The Kenya Revenue Authority will miss this financial year’s target by over 20 billion shillings following what the taxman calls policy and administrative measures by the government.
KRA Commissioner General John Njiraini says the authority was expected to raise slightly over 733 billion shillings in the year but with the current macroeconomic environment the authority will only achieve 712 billion shillings.
At the start of the 2011/2012 financial year KRA targeted to raise 733.4 billion shillings a growth of 15.5% over 2010. Kshs.696.9 was to be raised as exchequer revenues and 36.5b as agency revenues.
However as a result of interventions taken to address the cost of living such as reduction of duties and taxes on petroleum and food products, these targets have been hard to meet as petroleum taxes witnessed a reduction of 2.5%.
The taxman is now urging parliament to quickly enact the proposed VAT bill which is expected to significantly scale down exemptions and zero ratings.
The discontinuation of withholding VAT has also affected collections of indirect taxes which declined by 3.3%.

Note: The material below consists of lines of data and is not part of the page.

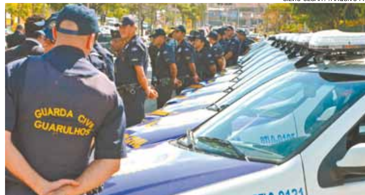
Expostos - Profissionais também reclamam da falta de fardas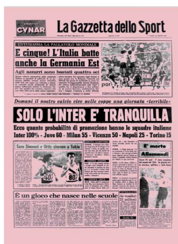
Figura 4: Prima pagina della Gazzetta dello Sport del 26 settembre 1978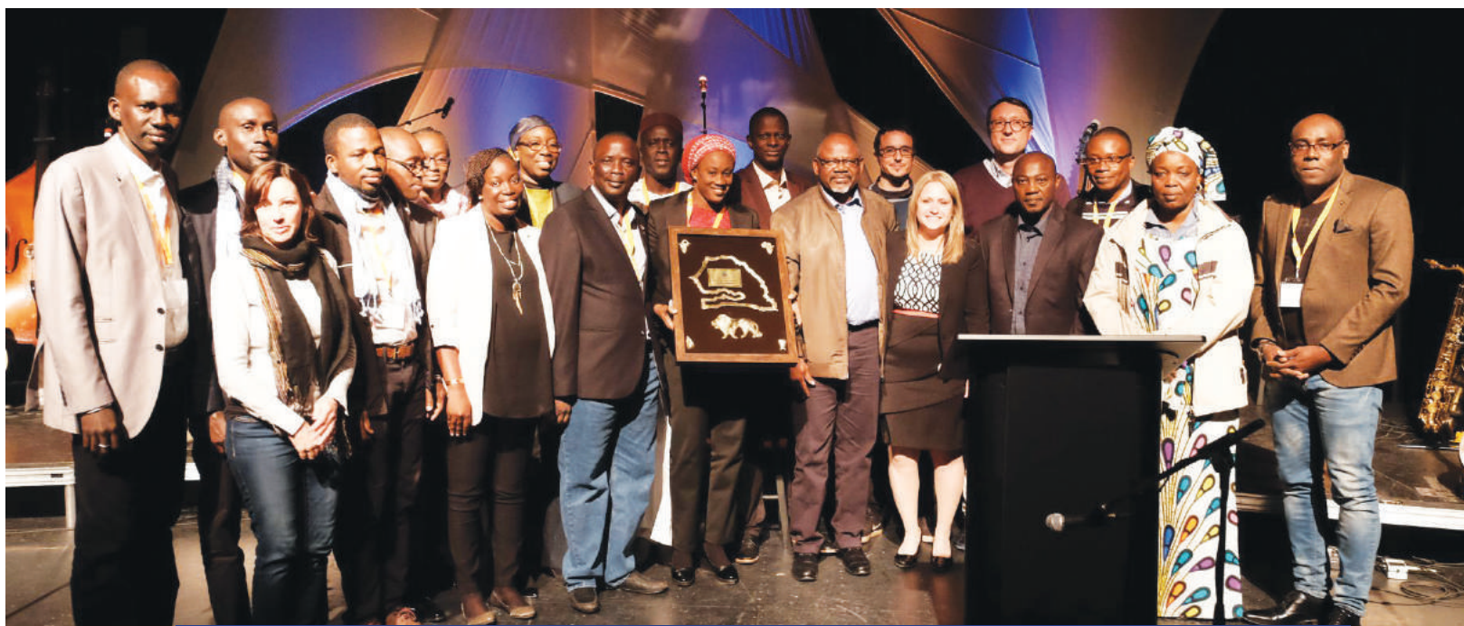
L'équipe du STP remettant un cadeau au SG de la CONFEMEN

La soirée a été l'occasion de remercier tous les organisateurs et organisatrices pour le travail de logistique remarquable et l'accueil chaleureux tout au long de cette 58 e Session ministérielle.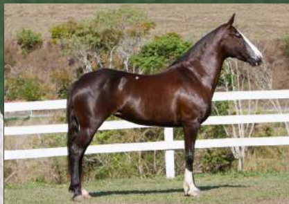
SUA MÃE, HONRA DA MURALHA DE PEDRA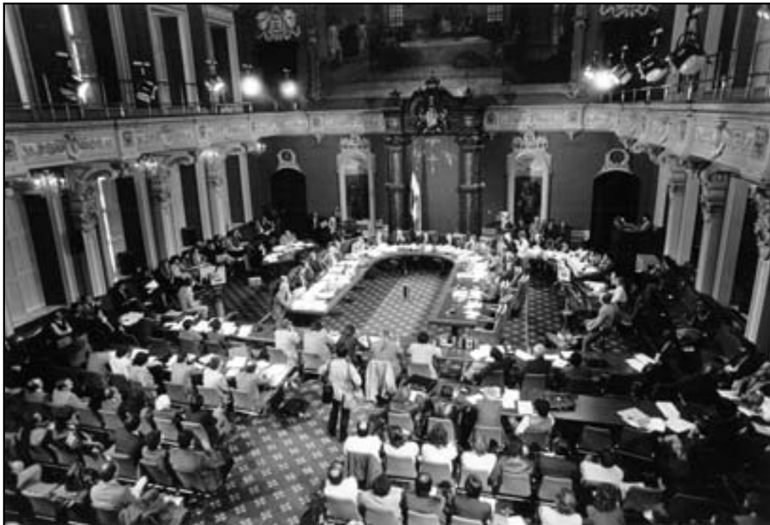
Les commissions parlementaires constituent, pour les députés, le lieu privilégié d'exercice de leur rôle de contrôleur de l'action gouvernementale. Lors de cette audience, en 1983, des représentants des autochtones et de divers groupes et organismes sur les droits et les besoins fondamentaux des Amérindiens et des Inuits témoignaient devant la Commission permanente de la Présidence du Conseil et de la Constitution.

La proportionnelle régionale proposée par le rapport Béland aurait surtout pour effet de renforcer la position du député à titre de législateur et de contrôleur du gouvernement. En effet, contrairement au mode de scrutin actuel, qui a invariablement engendré des gouvernements majoritaires au Québec depuis 1867, la représentation proportionnelle ferait souvent apparaître des gouvernements minoritaires ou de coalition. Toutefois, le choix d'un mode de scrutin ne doit pas dépendre de ses conséquences sur le rôle du député, mais bien de sa capacité à concilier la démocratie et l'efficacité de l'État. De ce point de vue, le mode de scrutin traditionnel n'est pas si mauvais qu'on le dit.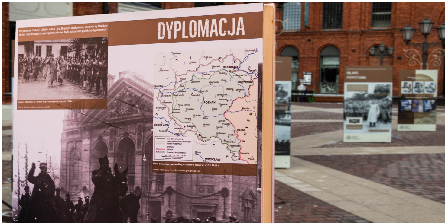
Wystawa IPN „Powstanie Wielkopolskie 1918-1919”

https://przystanekhistoria.pl/pa2/tematy/niepodleglosc/98871,Rozejm-w-Trewirze-Wielkie-zwyciestwo-sprawy-polskiej.html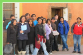
Delegación de jóvenes de La Paz llegando a Potosí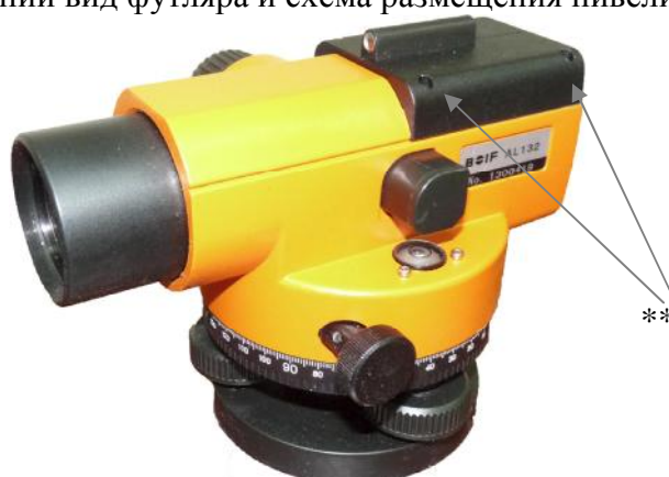
Примечание ** - места пломбирования от несанкционированного доступа Рисунок 3 - Схема пломбировки от несанкционированного доступа нивелира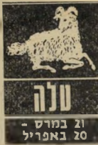
21 במרס - 20 באפריל

זמן, מרץ ומחשבה תקדישו בשבוע זה לעבודתכם. קפדנות, דיוק, זריזות ומומי- חיות יאזרו אתכם מ' שאר העובדים. יתכן שתגיעו לשלב שבו תהססו אם כדאי ל' המשיך באותה עבודה, מכיוון שרמזים שיגיעו לאזינכם על אפשרות קידום במקום אחר, לא יתנו לכם מנוח. יש להזהר מכל מילה היוצאת מפיכם בתקו- מה זו, אתם עלולים לספר בשגגה דב- רים שראוי להם שיאסרו בגדר סוד.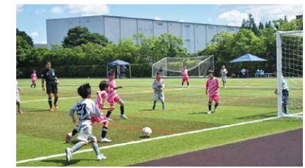
春日井市ジュニアサッカー選手権 新人大会

今年も令和5年1月22日(日)に小牧シティマラソンが開催されました。当金庫は、この大会に協賛し、選手が着けるゼッケンを平成16年から寄贈しております。当日は、当金庫の職員31名も小牧市民の皆様方と一緒にマラソンに参加させていただきました。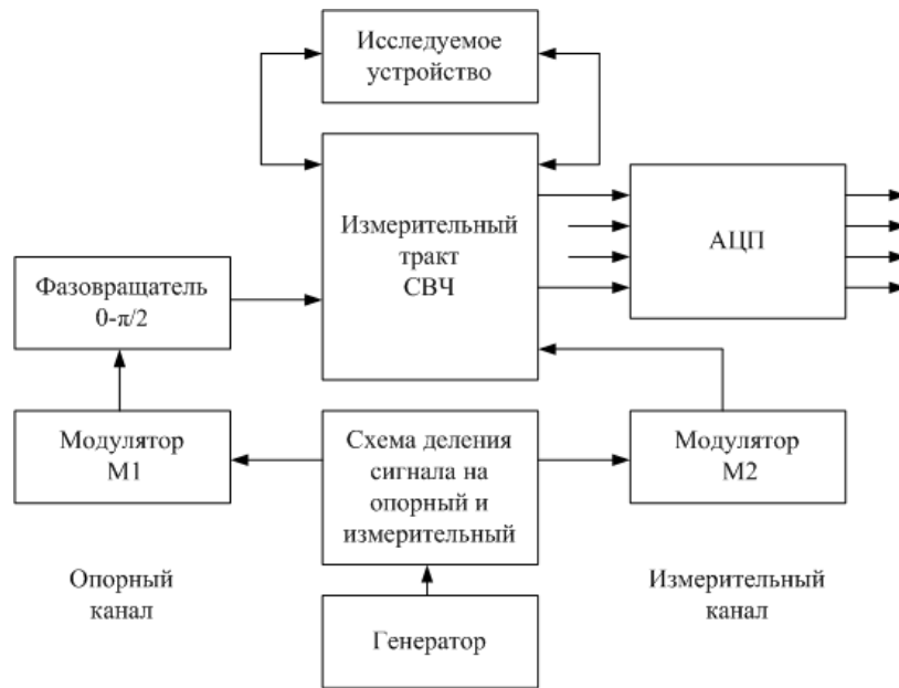
Рис. 2. Структурная схема СВЧ тракта, используемого для получения квадратурных сигналов в ВАЦ 75–110 ГГц

бинарного фазовращателя, осуществляющего фазовую коммутацию опорного сигнала по алгоритму 0-\pi/2 . Структурная схема волноводного СВЧ-тракта приведена на рис. 2.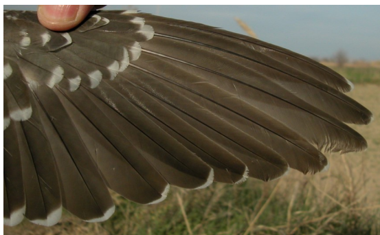
Críalo. Adulto: diseño de primarias (28-II)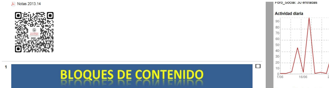
Figura nº 3. Apariencia del acceso a notas de la asignatura mediante código QR.

En la figura 2, se presenta el ejemplo de conexión a las notas de la asignatura mediante códigos QR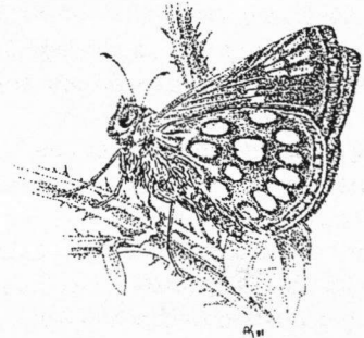
Spiegeldikkopje - Tekening: Adri Karman.

Ook heeft Natuurmonumenten aan De Vlinderstichting gevraagd in een aantal gebieden de vlinders te inventariseren. Bij het opstellen van een nieuw beheersplan voor deze gebieden kan dan met de eisen die vlinders stellen rekening worden gehouden. Hierdoor zal de vlinderstand zich in een groot aantal terreinen kunnen herstellen.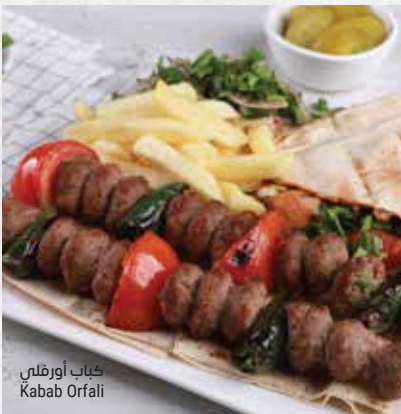
كباب أورفلي Kabab Orfali

جميع الأطباق تقدم مع البطاطا المقلية والمخلل All platters are served with a side fries and pickles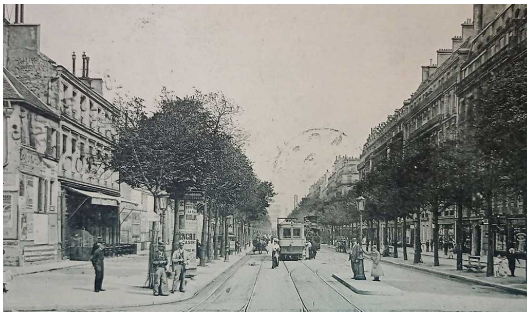
La Parigi dell’infanzia di Julien Green: il XVI arrondissement Paris-Passy, Avenue Kleber, Prise De La Place Du Trocadero.

È difficile per il lettore rimanere indifferente di fronte a questo invito a girovagare ora nel Marais, ora per Passy, o nel quartiere della Bourse, oppure per Saint-Julien-le-Pauvre, sempre tenendosi a debita distanza dalle mete privilegiate dal turismo, prede predilette del consumo di massa a iniziare dalla Tour Eiffel, aborrita da Green “fin dall’infanzia”, come tiene a precisare in Passeggiata d’estate , uno dei testi raccolti in Parigi . In realtà, è un invito a gironzolare nella memoria di Green, una memoria lunga un secolo, quasi per intero trascorso nella “città della luce” come recita un passo di Paesaggio parigino .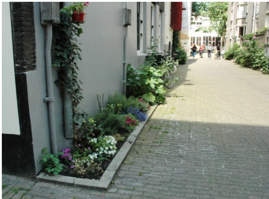
Fot. 1 Roślinność zasilana wodą deszczową, Amsterdam [Domanowska 2012]

temów stwarzają zyski, jakie ludzie czerpią z funkcjonowania ekosystemów. Tu zawarte są zarówno zyski zaopatrujące, regulacyjne, kontrolujące i kulturowe. Usługi ekosystemów utrzymują jakość życia na Ziemi.” (Millennium Ecosystem Assessment (MA), United Nations Environment Programme, 2005). Pojęcie usług ekosystemów doczekało się w literaturze przedmiotu wielu innych definicji, jednakże wszystkie z nich kładą nacisk na to iż środowisko przyrodnicze daje nam zyski, które możemy przeliczyć na pieniądze.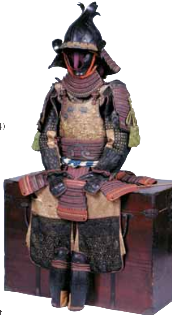
「紫紺糸威二枚胸具足」石川県立歴史博物館蔵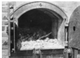
KL Majdanek po išlaisvinimo 1944 m. Krematorijaus krosnies vidus su sudegintų žmonių liekanomis (IPN).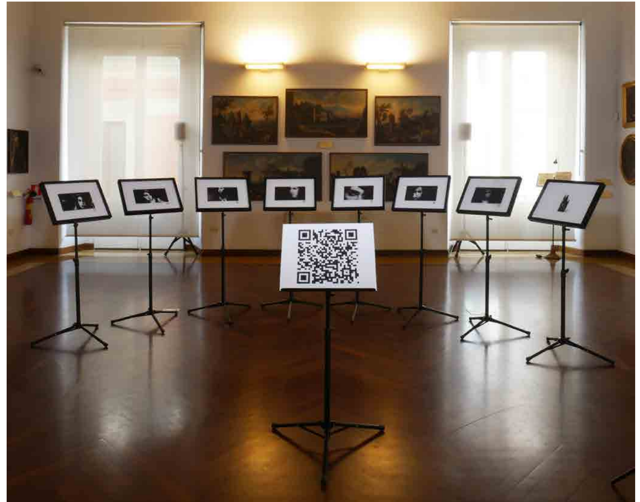
Francesca Poto Amy , 2016 acquatinta su lastra di zinco e installazione in ferro

Withholding tax alone accounts for 10% of VAT. This comes even as the taxman sounds alarm on declining collections from taxes on beer.
KRA says beer collections are coming down as consumptions shifts patterns with demand increasing for non taxed non malt containerized brands of beer.
To bridge the deficit in the future KRA is now targeting the booming real estate market to ensure property developers and landlords file accurate tax declarations. KRA collected Kshs.160.4b in Q3 meaning the months January to march and targets 213.4b in 4th quarter.